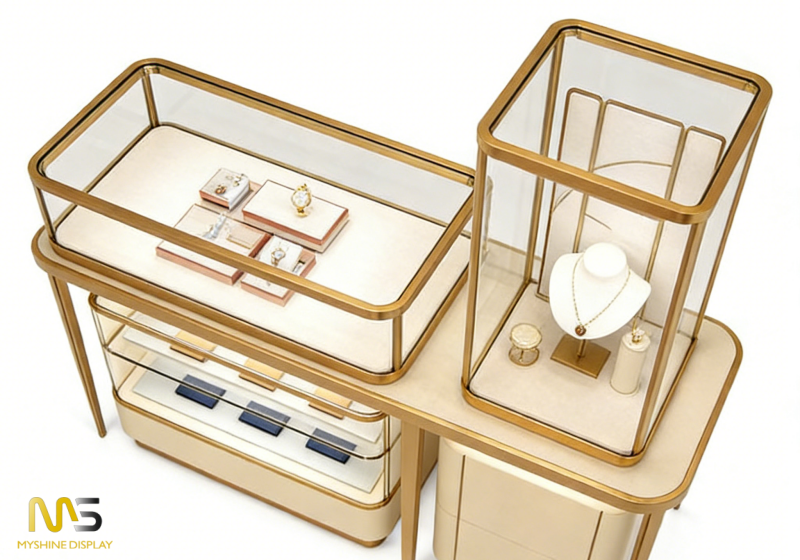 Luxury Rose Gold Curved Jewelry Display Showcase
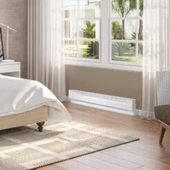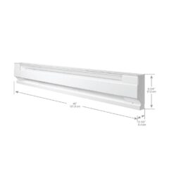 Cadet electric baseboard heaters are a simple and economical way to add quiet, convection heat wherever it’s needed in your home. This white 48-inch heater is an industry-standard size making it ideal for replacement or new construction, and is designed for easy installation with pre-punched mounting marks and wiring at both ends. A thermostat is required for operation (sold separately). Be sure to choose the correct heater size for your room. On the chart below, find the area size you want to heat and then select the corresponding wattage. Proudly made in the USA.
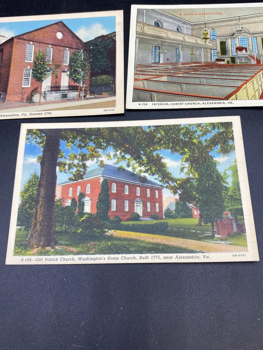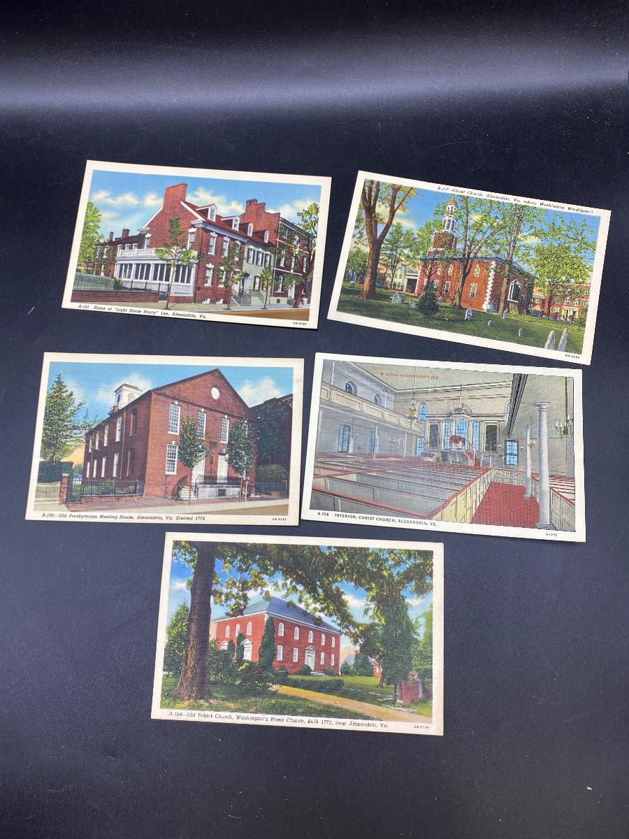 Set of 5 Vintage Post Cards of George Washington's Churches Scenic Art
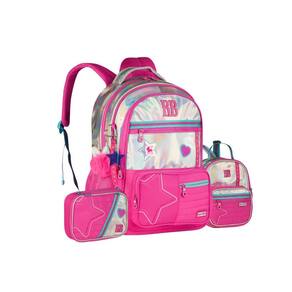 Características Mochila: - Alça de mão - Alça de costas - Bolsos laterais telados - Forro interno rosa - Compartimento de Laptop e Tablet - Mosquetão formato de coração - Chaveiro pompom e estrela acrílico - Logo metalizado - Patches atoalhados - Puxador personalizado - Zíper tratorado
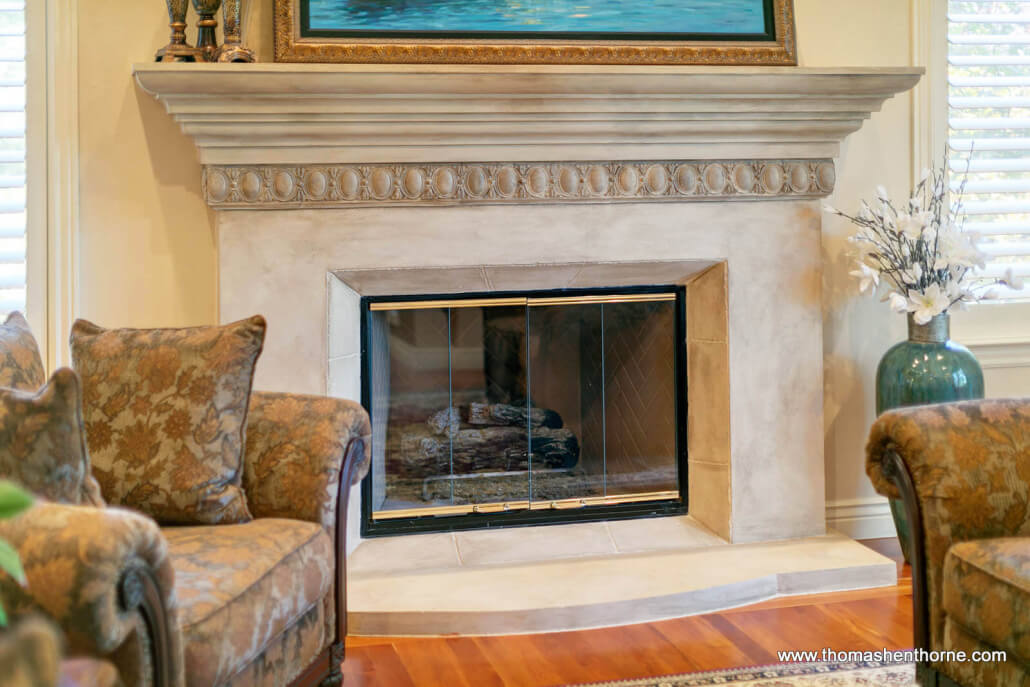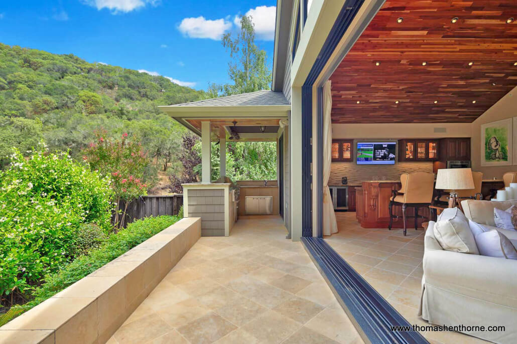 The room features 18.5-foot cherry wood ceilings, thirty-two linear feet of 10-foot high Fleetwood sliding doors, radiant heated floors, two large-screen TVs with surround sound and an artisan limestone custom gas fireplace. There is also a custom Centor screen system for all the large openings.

...

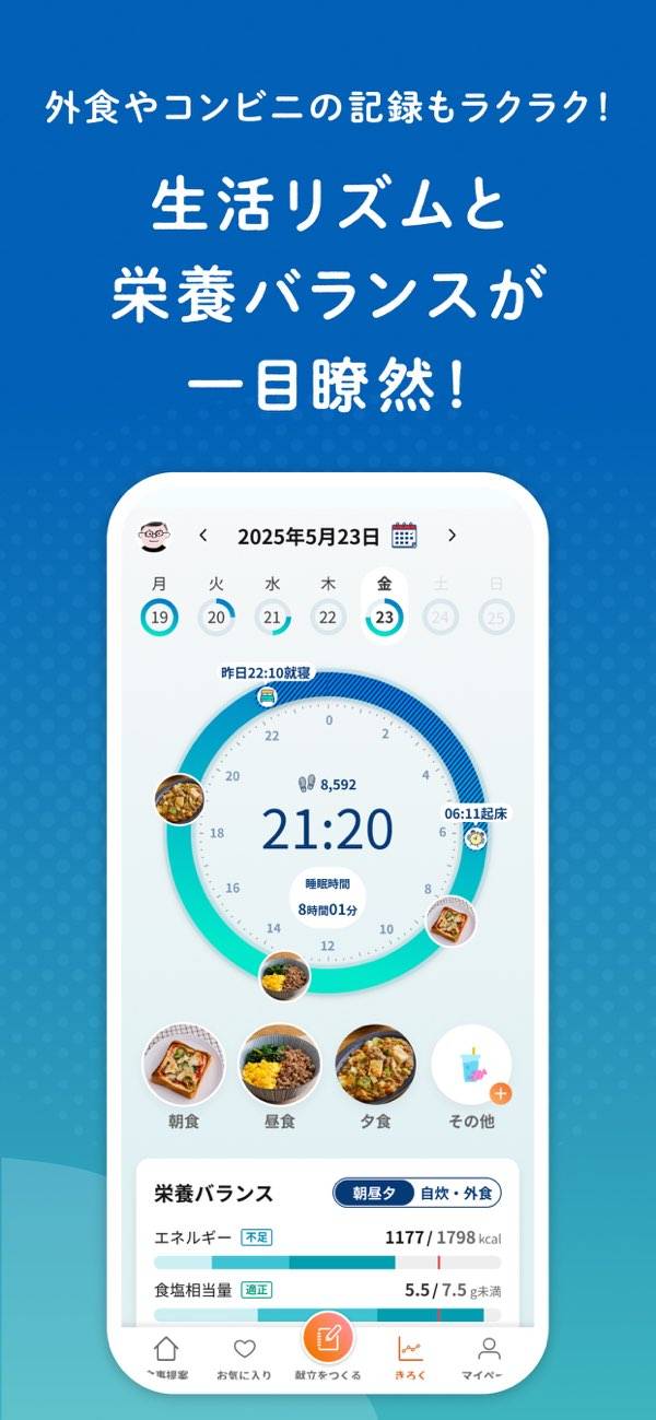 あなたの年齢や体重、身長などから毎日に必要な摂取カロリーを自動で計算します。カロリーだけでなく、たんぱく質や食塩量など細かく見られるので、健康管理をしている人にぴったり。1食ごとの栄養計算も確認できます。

● Task requirements: Would you restate, exactly and with no pictures, the lines of the entries above from the one containing "Luxury Rose Gold" through the one containing "Características Mochila: - Alça"?

● Problem solution:
 Luxury Rose Gold Curved Jewelry Display Showcase
 Cadet electric baseboard heaters are a simple and economical way to add quiet, convection heat wherever it’s needed in your home. This white 48-inch heater is an industry-standard size making it ideal for replacement or new construction, and is designed for easy installation with pre-punched mounting marks and wiring at both ends. A thermostat is required for operation (sold separately). Be sure to choose the correct heater size for your room. On the chart below, find the area size you want to heat and then select the corresponding wattage. Proudly made in the USA.
 Set of 5 Vintage Post Cards of George Washington's Churches Scenic Art
 Características Mochila: - Alça de mão - Alça de costas - Bolsos laterais telados - Forro interno rosa - Compartimento de Laptop e Tablet - Mosquetão formato de coração - Chaveiro pompom e estrela acrílico - Logo metalizado - Patches atoalhados - Puxador personalizado - Zíper tratorado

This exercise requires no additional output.